You can modify these changes independently to add or replace components based on specific monitoring requirements.

Component implementation

The solution includes several processing components that demonstrate the framework’s capabilities. You can modify each processing step or add new ones. For example, for simple motion detection, we use a simple pixel difference, but you can refine the motion detection functionality as needed, or follow the format to implement other detection algorithms, such as object detection or scene segmentation.

Additional components include the FrameSampling processor to control capture timing, GridAggregator to create visual frame grids, and storage processors that save event data and trigger agent analysis, and these can be customized and replaced as needed.

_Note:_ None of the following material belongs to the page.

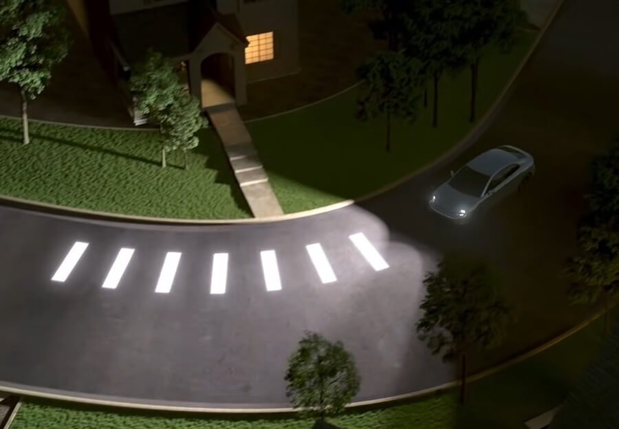 보행자의 안전사고도 능동적으로 예방할 수 있습니다. 외진 골목에서 카메라 센서가 보행자를 인식하고 차량이 멈추면 가상의 횡단보도를 도로에 띄워주는 방식입니다. 비상등이나 경적만으로 보행자에게 알리지 않고, 헤드램프로 소통하는 이른 바 '커뮤니케이션 라이팅' 기술이 현실화되는 셈이죠.
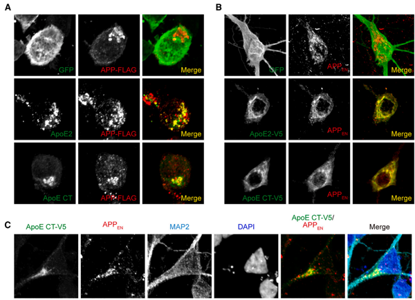 阿尔茨海默病(Alzheimer’s disease,AD)是一种常见的神经退行性疾病,可影响大脑认知、记忆能力。目前AD致病机制的认知多来源于对家族遗传性AD(fAD)的研究。淀粉样前体蛋白(APP)和γ分泌酶的酶切活性中心(PS1和PS2)的一些突变加速淀粉样斑块的形成,最终导致fAD。但fAD仅占所有AD的~1%,另外~99%是非家族遗传性的散发性AD(sAD)。sAD患者并不携带导致fAD的APP或者PS1/2突变。载脂蛋白E4(ApoE4)是sAD最大的风险因子。约有14%的人携带至少一个ApoE4基因。携带两个ApoE4拷贝的人与携带正常ApoE3的人相比,患AD的风险增加十倍,并且患病年龄提前至70岁之前,病患程度也大大增加。而ApoE2却能显著降低AD的发病风险。虽然对AD的影响截然不同,但ApoE2,ApoE3和ApoE4的氨基酸序列仅有1-2个位点的不同。目前并不清楚为什么同一基因编码的不同ApoE异构体在AD进程中发挥着截然相反的影响。sAD风险基因ApoE与fAD致病基因APP和PS1/2之间是否有功能上的联系也是不清楚的。

For example:

  • Modify existing components – Adjust thresholds or parameters to tune for specific environments
  • Create alternative storage backends – Direct output to different storage services or databases
  • Implement preprocessing and postprocessing steps – Add image enhancement, data filtering, or additional context generation

Finally, the LambdaProcessor serves as the bridge to the Amazon Bedrock agent by invoking an AWS Lambda function that sends the information in a request to the deployed agent. From there, the Amazon Bedrock agent takes over and analyzes the event and takes action accordingly.

Agent implementation

After you deploy the solution, an Amazon Bedrock agent alias becomes available. This agent functions as an intelligent analysis layer, processing captured video events and executing appropriate actions based on its analysis. You can test the agent and view its reasoning trace directly on the Amazon Bedrock console, as shown in the following screenshot.

This agent will lack some of the metadata supplied by the Streamlit application (such as current time) and might not give the same answers as the full application.

Invocation flow

The agent is invoked through a Lambda function that handles the request-response cycle and manages session state. It finds the highest published version ID and uses it to invoke the agent and parses the response.

Action groups

The agent’s capabilities are defined through action groups implemented using the BedrockAgentResolver framework. This approach automatically generates the OpenAPI schema required by the agent.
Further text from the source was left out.